Somewhere beneath the warm, turquoise waters of the Great Barrier Reef, a handful of tiny coral fragments are doing something no coral has ever done before. They're surviving heat that should have killed them — because scientists rewrote their DNA.

In late 2025, researchers from the Australian Institute of Marine Science (AIMS) and Stanford University deployed gene-edited coral fragments to sections of the Great Barrier Reef. It was the first time genetically modified corals had been placed into a living reef system — a moment that was equal parts audacity and desperation.

The corals were edited using CRISPR-Cas9. If that sounds like something from a science fiction film, the reality is surprisingly elegant. CRISPR works like a pair of molecular scissors: scientists target a specific section of an organism's DNA, snip it out, and either switch a gene off or replace it with something new. It's precise, it's fast, and in the past decade it has revolutionised biology.

In this case, the researchers enhanced the expression of heat-shock proteins — tiny molecular bodyguards that protect a cell's internal machinery when temperatures spike. Think of them as the coral's built-in emergency response team, supercharged to handle conditions that would normally trigger bleaching and death.

Why it matters now

Coral bleaching is one of the most visible and heartbreaking consequences of climate change. When ocean temperatures rise even slightly above normal, corals expel the colourful algae that live inside their tissues and provide most of their energy. The coral turns white — bleached — and unless conditions improve quickly, it dies.
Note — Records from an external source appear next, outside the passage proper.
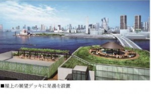 豊洲の立地特性を活かし、24時間営業の温泉・ホテルを展開します♪ 施設屋上の展望デッキには足湯を設置したり、キッチンスタジオや道具市を配置して、食の情報を発信します!
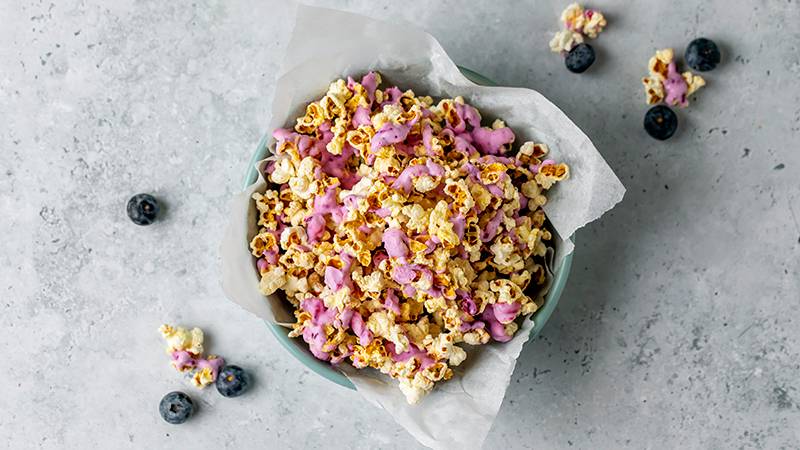 I denne varianten av frozen popcorn bruker vi yoghurt. Her er trikset å ikke bruke for mye yoghurt, du vil at popcornet skal være crispy, ikke vått. Popcornet tiner raskt når du har tatt det ut av fryseren, så frys gjerne ned i små porsjoner.
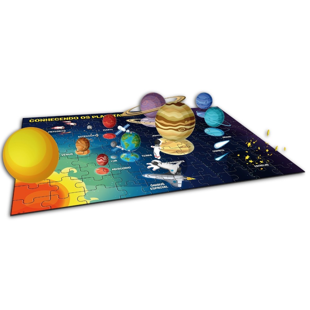 QUEBRA CABEÇA CONHECENDO OS PLANETAS 100 PEÇAS MADEIRA REFLORESTADA XALINGO APP INTERATIVO JOGO SOL
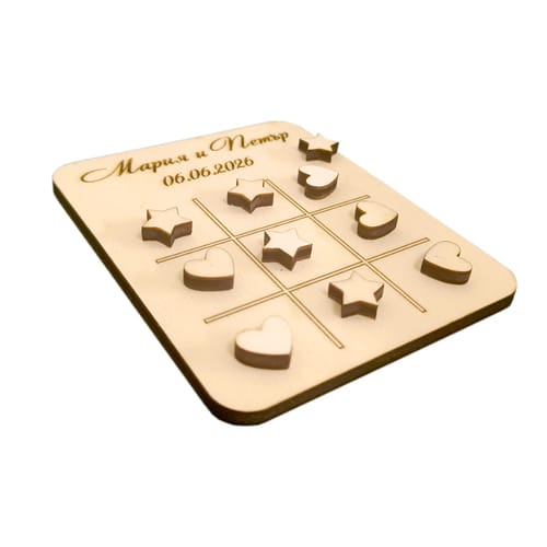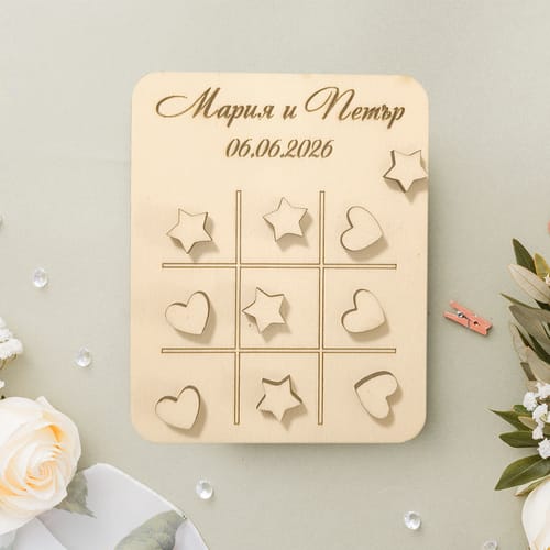 Внесете забавление и сантимент в големия си ден с тези уникални, ръчно изработени подаръчета за гости. Всяка игра на морски шах е лазерно гравирана и персонализирана с имената на младоженците и датата на сватбата, превръщайки я в незабравим спомен, който гостите ви ще запазят и използват.
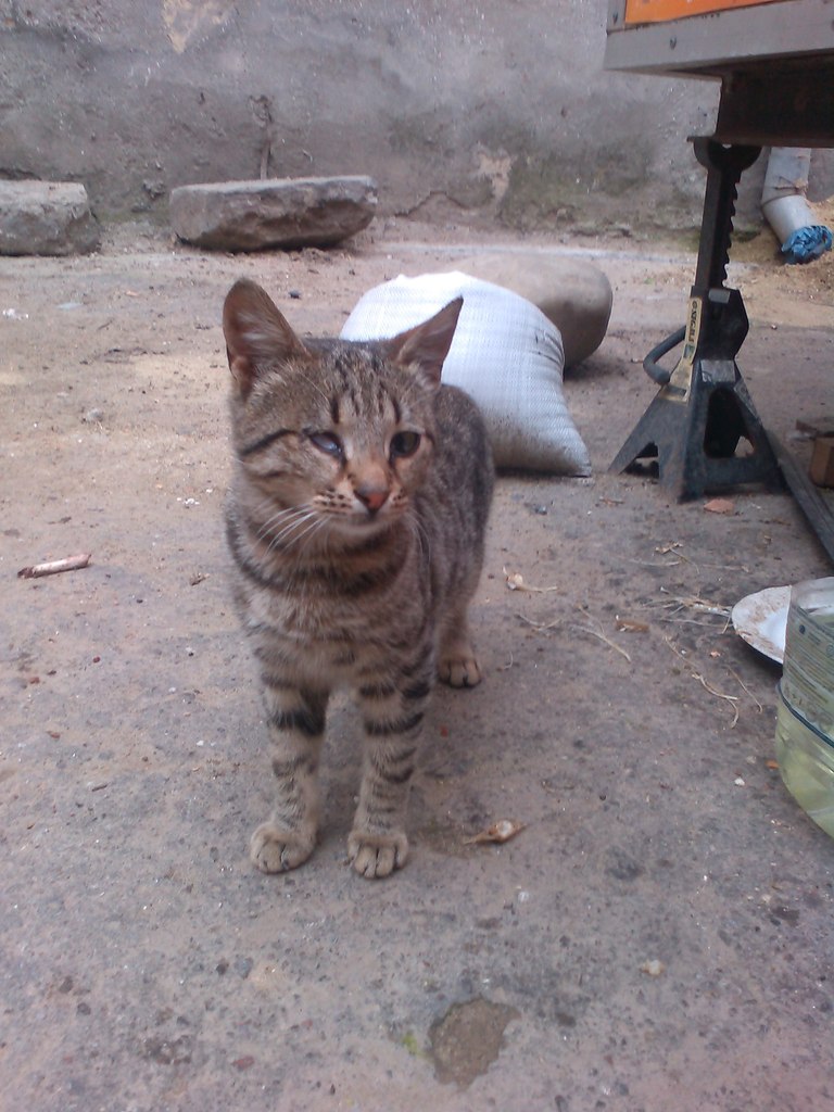 3. так же там есть котёнок-подросток, родился здесь же и по словам работающей там женщины, котята тогда родили практически в стекловате, она попала ему в глаз и теперь с ним проблемы. он явно слепой, но на вид сложно сказать нужна ли помощь и лечение. и рассмотреть он тоже не даёт, безумно дикий, сегодня получилось буквально на секунду схватить его в руку, но он зашипел, расцарапал мне руку и вырвался..
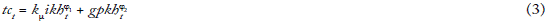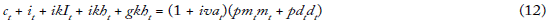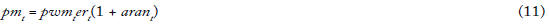donde el precio externo (pωmt), la tasa arancelaria (aran) y la tasa de cambio real (er) determinan el precio doméstico de las importaciones, así:
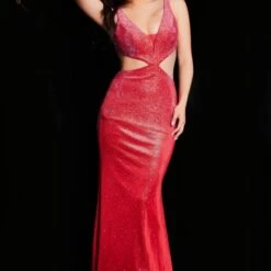 JVN by Jovani JVN23098 fitted long party dress in shimmer satin features a plunging V-neckline and daring midriff cutouts that blend into the cutout back. Heat-set stones luxuriously embellish this trendy prom gown, finished with a slight brush train.
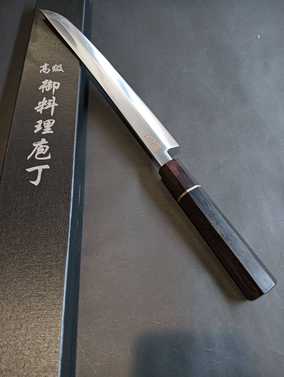 - 暁刃刃物 ステン本焼V金10号先丸柳刃包丁270mm高級黒檀八角柄
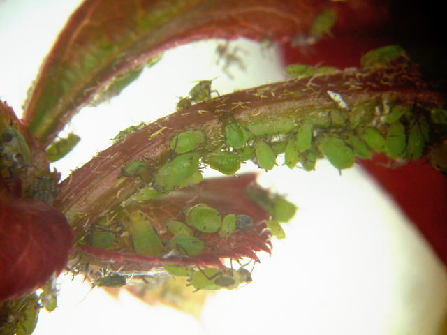 ユキヤナギアブラムシ 新葉のコロニー
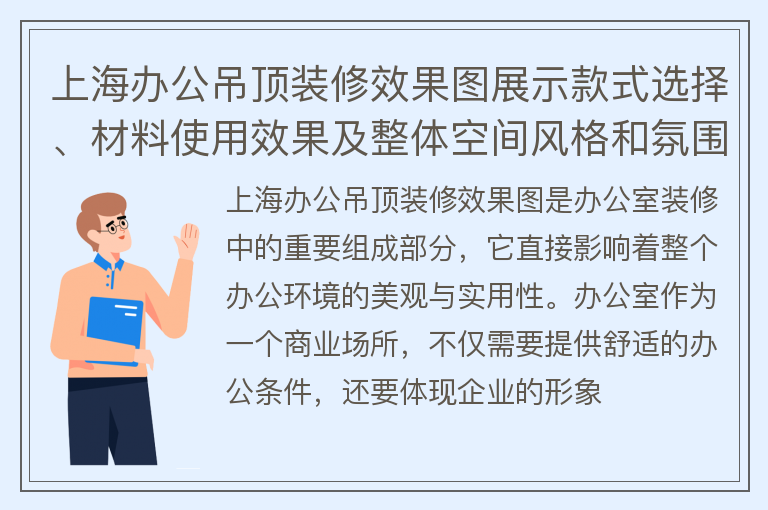 上海办公吊顶装修效果图展示款式选择、材料使用效果及整体空间风格和氛围。
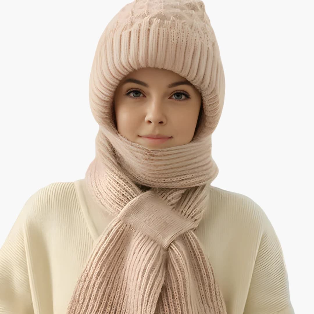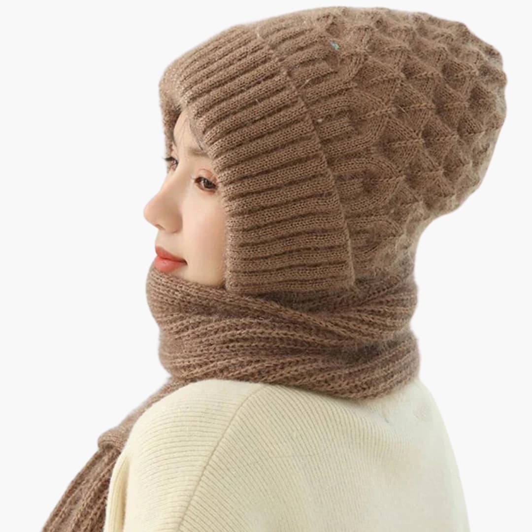 Damvintermössa och halsduksset med stickad yta
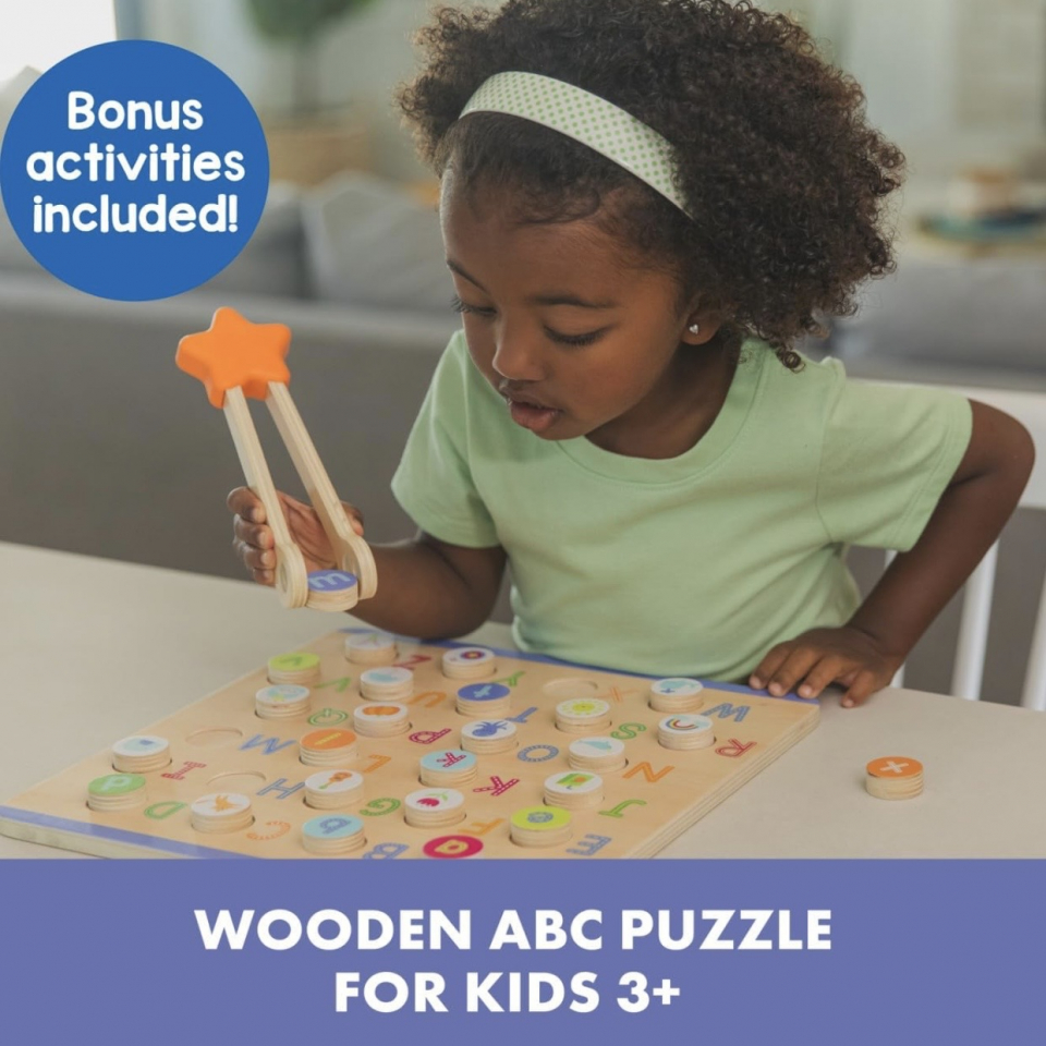 The set includes a wooden alphabet board with recessed spaces, 26 double-sided wooden tokens, and wooden tweezers. Each token is double-sided:
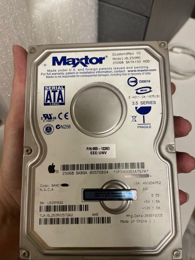 Disco duro Maxtor DiamondMax 10 de 250GB. - Modelo: 6L250M0 - Interfaz: SATA 150 HDD - Serie: 3.5 - Fecha de fabricación: 26 SEP 2005 - Fabricado en China
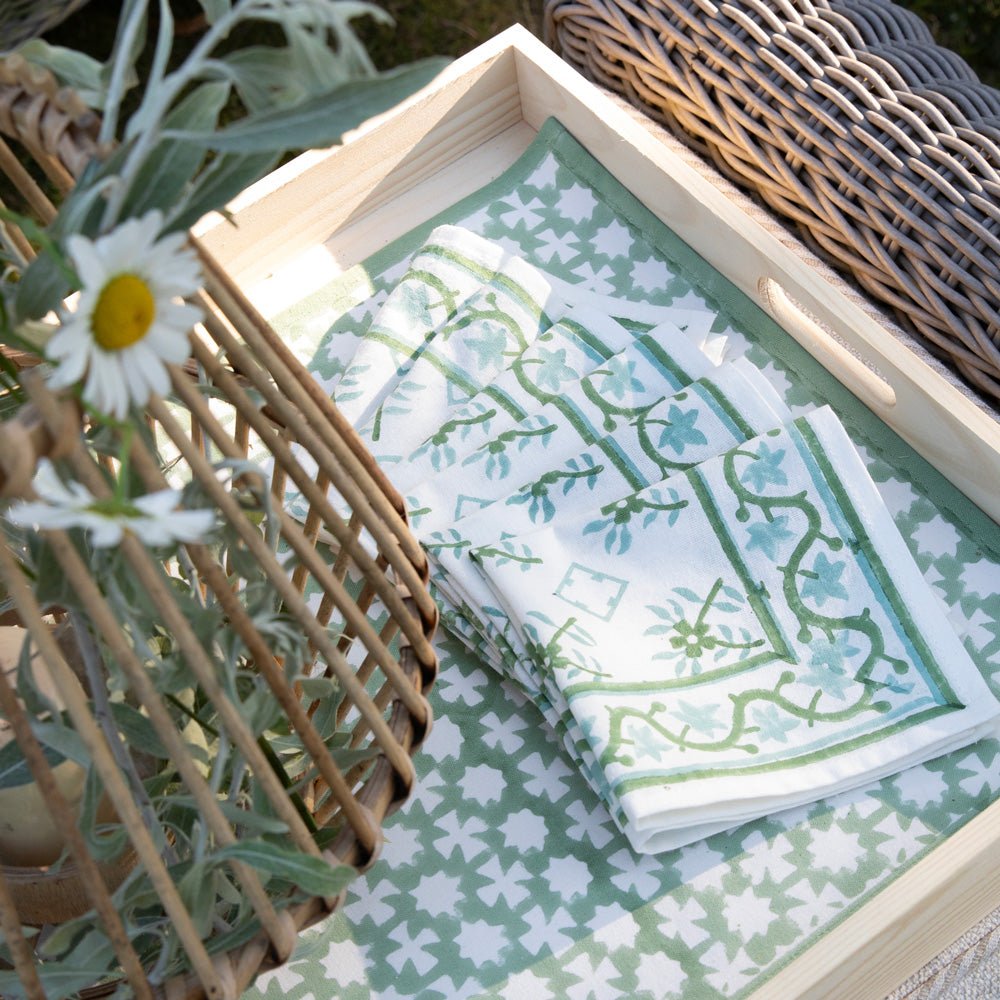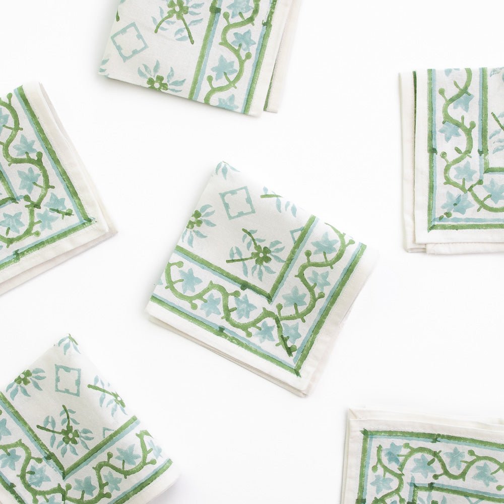 India Hicks Home Cuban Flower Palladian Blue & Soft Sage Napkin | Set of 4
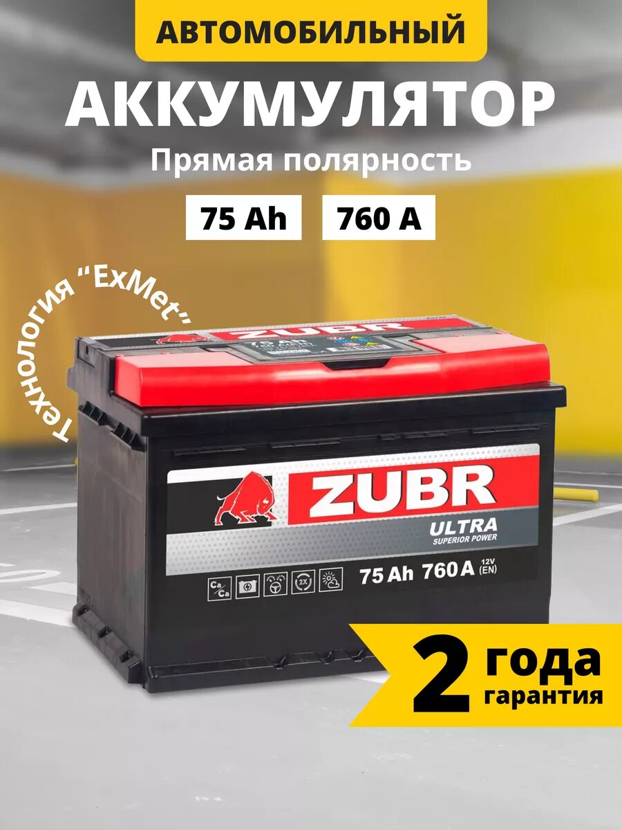 Аккумулятор автомобильный ZUBR Ultra 75 Ah 760 A прямая полярность 278x175x190 интересное:

The 2024 bleaching event was the most extensive ever recorded, devastating reef systems across the globe. As much as 27 per cent of the global reef ecosystem has already been lost to a combination of warming seas and human activity.

The AIMS and Stanford team had been building towards this moment for years. In 2018, Dr Phillip Cleves — then a postdoctoral scholar at Stanford — led the first successful use of CRISPR in coral, proving the technology could work in these animals at all. "Up until now, there hasn't been a way to ask whether a gene whose expression correlates with coral survival actually plays a causative role," Cleves said at the time.

By 2020, the team had identified a crucial gene called HSF1 — Heat Shock Transcription Factor 1 — and demonstrated its importance in dramatic fashion. Coral larvae with the gene knocked out died rapidly when water temperatures reached 34°C. Unmodified larvae survived. The gene was clearly essential to heat tolerance.

The 2025 deployment took that laboratory knowledge and put it to the test in the real world. The edited corals were designed to survive bleaching events at temperatures 1.5 to 2°C above current thresholds — a margin that could mean the difference between a reef that endures and one that disappears.

What scientists are watching

Early signs are encouraging, but researchers urge caution. Laboratory heat tolerance doesn't guarantee field performance. The edited corals need to demonstrate long-term survival, successful reproduction, and integration into the broader reef ecosystem. There are also evolving regulatory questions about releasing genetically modified organisms into marine environments.

"This is an all-hands-on-deck moment," Cleves has said. "If we can start classifying what genes are important, then we can get an idea of what we can do to help conservation."

Closer to home: Scotland's hidden reefs

The Great Barrier Reef may grab the headlines, but Scotland has its own coral story — and its own crisis.

Cold-water coral reefs ring the western and northern sea shelf of the UK, typically at depths of 50 metres or more. Unlike their tropical cousins, these corals don't rely on sunlight. They feed on plankton and organic matter carried by ocean currents. They grow agonisingly slowly — some reefs are thousands of years old — and they are under mounting threat.

Research from Heriot-Watt University has shown that ocean acidification is making Scottish waters increasingly corrosive to the calcium carbonate skeletons that cold-water corals depend on. If greenhouse gas emissions continue unabated, cold-water coral habitat in the North Atlantic could shrink by at least 79 per cent by 2100.

Advances in marine gene editing could one day offer tools for cold-water conservation too — potentially helping Scottish reefs build stronger skeletons or tolerate changing ocean chemistry. That research is still in its earliest stages, but the principle has been proven: we can now edit the genes of coral, understand what they do, and begin to imagine interventions that were science fiction just a decade ago.

A reason for hope

None of this is a silver bullet. Gene editing cannot replace the urgent need to cut carbon emissions and protect marine habitats from pollution, overfishing, and coastal development. But in a world where reefs are dying faster than nature can adapt, it offers something precious: time.

The tiny, heat-resistant coral fragments clinging to the Great Barrier Reef carry more than enhanced proteins. They carry the weight of a bet — that science, applied with care and courage, can help the natural world survive what we've done to it.